-- Material provided --
BEGIN

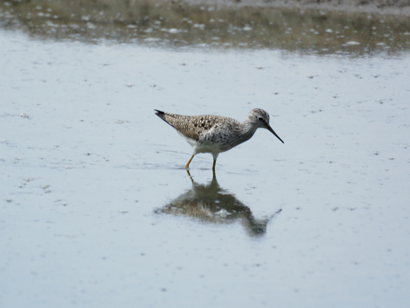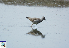 spitze Schnabel ist dunkelgrau, die Beine sind graubraun. Insekten
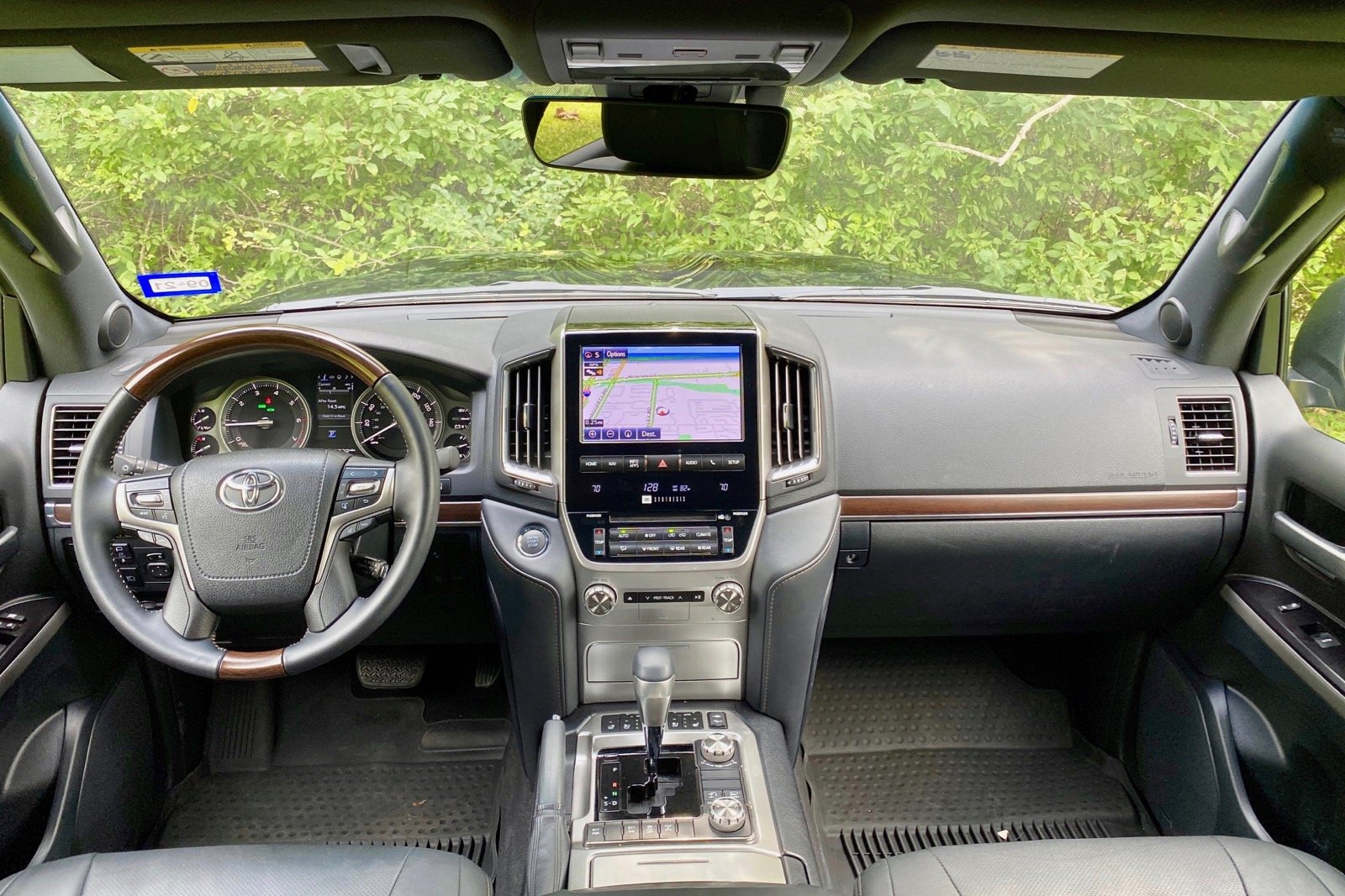 The Land Cruiser’s 9-inch touchscreen interface is sufficient, but it looks a little small compared with some of the fresher competitors, where 11-inch, 12-inch, and multiple-screen interfaces are not uncommon. Using the 9-inch screen in split-screen mode for navigation and audio leaves little room for a useful map, negating much of the usefulness of the mode.
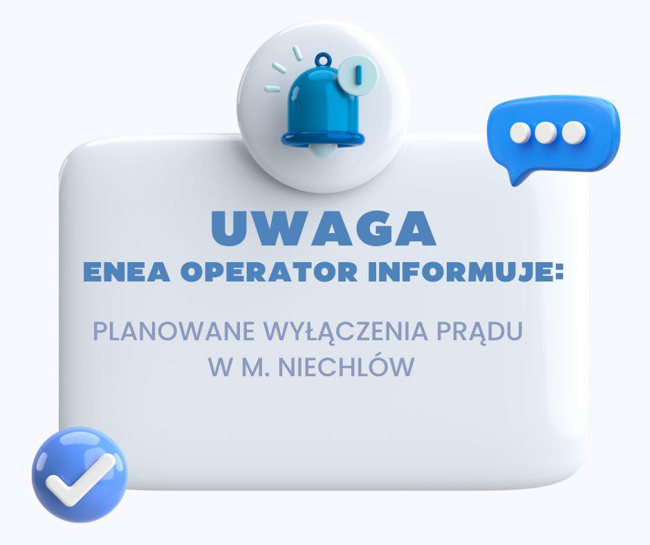 W dniu 6 listopada 2025 r. (czwartek) w godzinach 7:30-16:00 na terenie m. Niechlów - ul. Leszczyńska nr 23 (hydrofonia), ul. Nowa (cała), ul. Sportowa nr 7-9, 12-14, działka nr 321 - planowane są wyłączenia dostawy energii elektrycznej.

END

Repeat the listing word for word, but without its pictures.

 spitze Schnabel ist dunkelgrau, die Beine sind graubraun. Insekten
 The Land Cruiser’s 9-inch touchscreen interface is sufficient, but it looks a little small compared with some of the fresher competitors, where 11-inch, 12-inch, and multiple-screen interfaces are not uncommon. Using the 9-inch screen in split-screen mode for navigation and audio leaves little room for a useful map, negating much of the usefulness of the mode.
 W dniu 6 listopada 2025 r. (czwartek) w godzinach 7:30-16:00 na terenie m. Niechlów - ul. Leszczyńska nr 23 (hydrofonia), ul. Nowa (cała), ul. Sportowa nr 7-9, 12-14, działka nr 321 - planowane są wyłączenia dostawy energii elektrycznej.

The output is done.